Все шло так, как я задумал. Я видел Игрейну на коронации, тихую, собранную, прямую как стрела, с опущенным взором и такую бледную, что если бы я не видел ее накануне ночью, то поверил бы в правдивость ее выдумки. Я никогда не переставал восхищаться женщинами. Даже обладая волшебной силой, невозможно прочесть их мысли. Будь она герцогиня или потаскушка, женщине нет нужды учиться притворству. Наверное, то же можно сказать о рабах, живущих в страхе, и тех животных, что инстинктивно маскируются, меняют облик, чтобы спасти себе жизнь. На протяжении всей долгой, ослепительной церемонии она сидела словно восковая свеча, которая в любое мгновение может оплавиться и упасть. Позже я заметил, как, поддерживаемая своими дамами, она выходила из шумной толпы, в то время как блестящая процессия направилась к пиршественному залу. А еще позже, посреди пира, когда кувшины с вином уже совершили не один круг, Горлойс незаметно покинул зал вслед за парой других мужчин, вышедших по зову природы. Назад он не вернулся.

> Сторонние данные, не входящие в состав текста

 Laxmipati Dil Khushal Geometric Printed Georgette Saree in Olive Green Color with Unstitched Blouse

На взгляд того, кто знал правду, Утер, возможно, выглядел не так убедительно, как Игрейна, но если откинуть усталость, вино и дикое возбуждение в предчувствии того, что должно было произойти, он сыграл свою роль достаточно правдиво.

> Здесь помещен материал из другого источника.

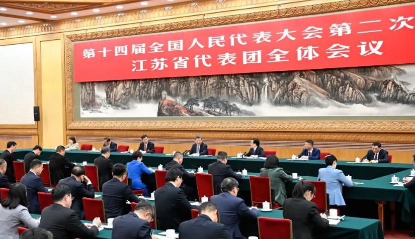 2024年3月5日,習(xí)近平參加他所在的十四屆全國人大二次會(huì)議江蘇代表團(tuán)審議。新華社記者 謝環(huán)馳 攝
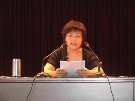 上图为山东罗欣药业股份有限公司总经理李明华女士对全体员工进行GMP知识培训
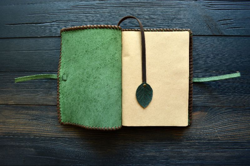 Всередині блокнот має закладинку ляссе у формі листочка.
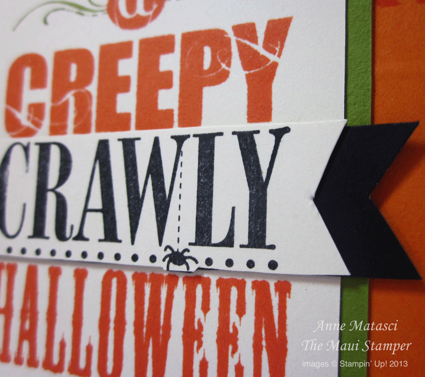 I stamped the main image once in Tangerine Tango, then again in Black Staz-on. I cut out the word “CRAWLY” in black, snipped the ends, and added Basic Black card stock extensions to the ends. The black rhinestone gems at the bottom are colored with the black Sharpie® marker that NEVER leaves my desk!
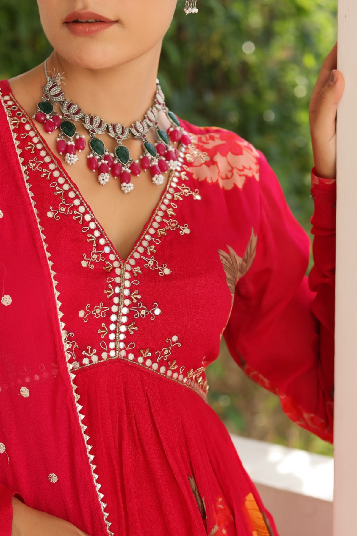 This beautiful chinnon long dress with dupatta and pants is a must in your wardrobe. It has a beautiful work on yoke to give it a formal look.
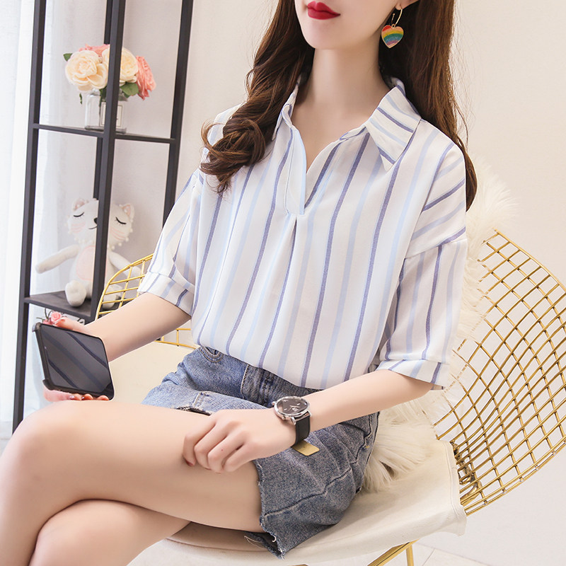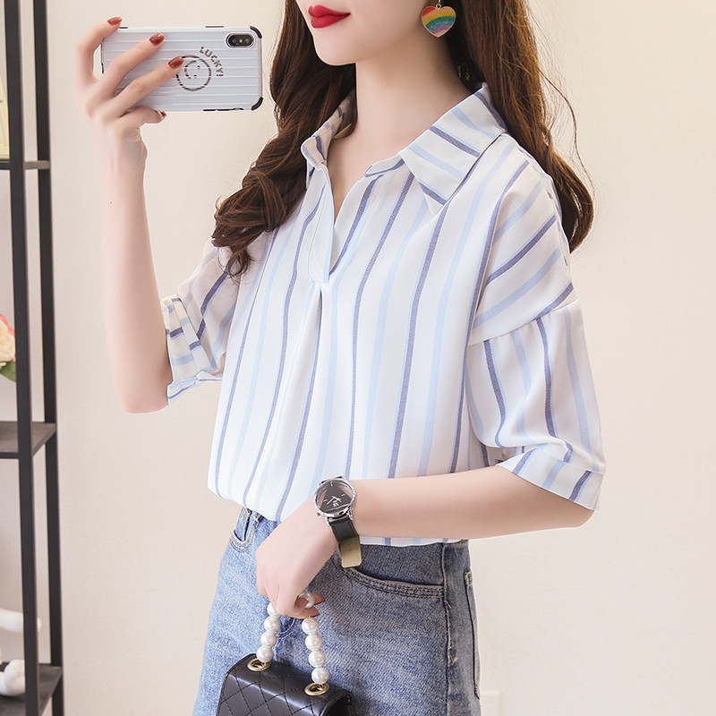 蓝色竖条纹衬衫女2023夏季新款韩版v领宽松中袖上衣薄款学生外套
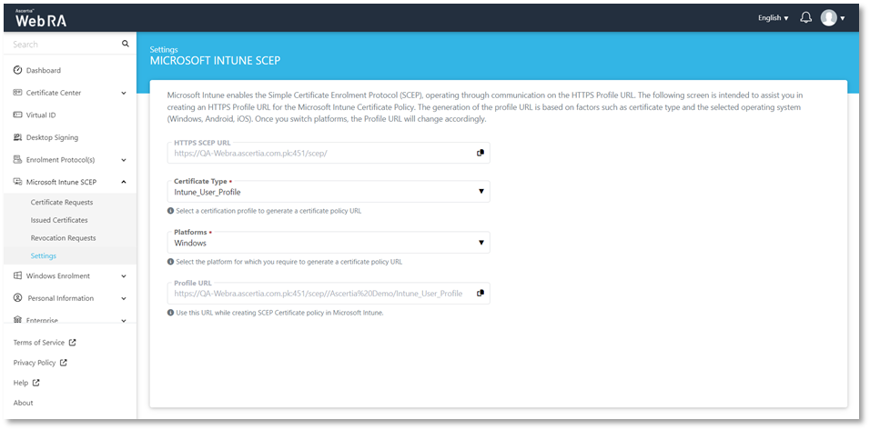 Before configuring the Microsoft Intune SCEP feature, the following pre-requisites from the ADSS Web RA Server are necessary:
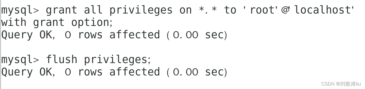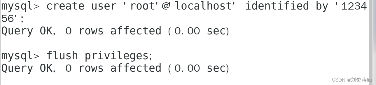 看到Query OK, 0 rows affected (0.00 sec)则操作成功
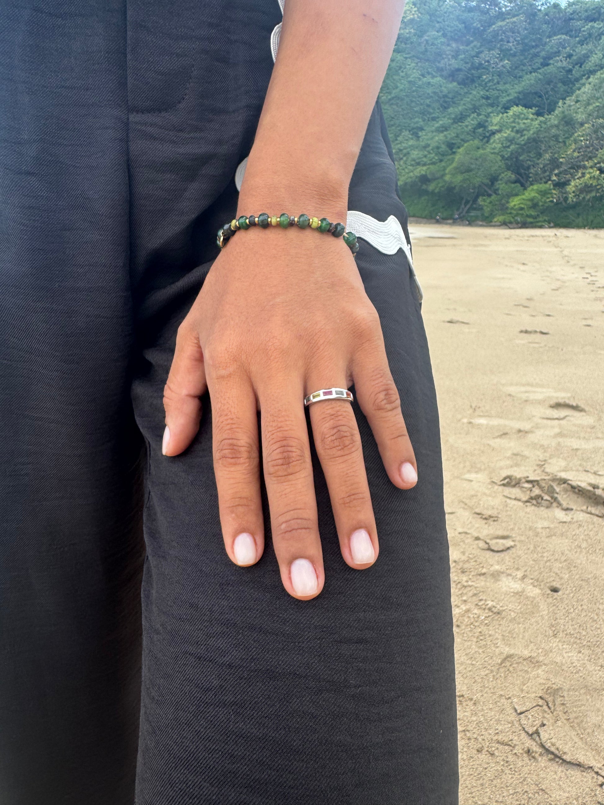 Half circle multi colour baguette cut sapphire eternity band ring set in sterling silver with rhodium plating.

Мужчины вполголоса говорили о ярости, охватившей короля, когда он обнаружил исчезновение Горлойса, и его гневные клятвы отомстить обидчику, как только разъедутся вельможные гости. Если его гнев и был чуть сильнее, а угрозы звучали чересчур жестоко по отношению к герцогу, чьей единственной виной было желание защитить собственную жену, то король и раньше был достаточно несдержан, и окружающие посчитали это в порядке вещей. И такой яркой была ныне Утерова звезда, таким ослепительным было великолепье коронованного Пендрагона, что Лондон простил бы ему и прилюдное изнасилование. Народ бы еще подумал, простить ли Игрейну за то, что отказала своему королю.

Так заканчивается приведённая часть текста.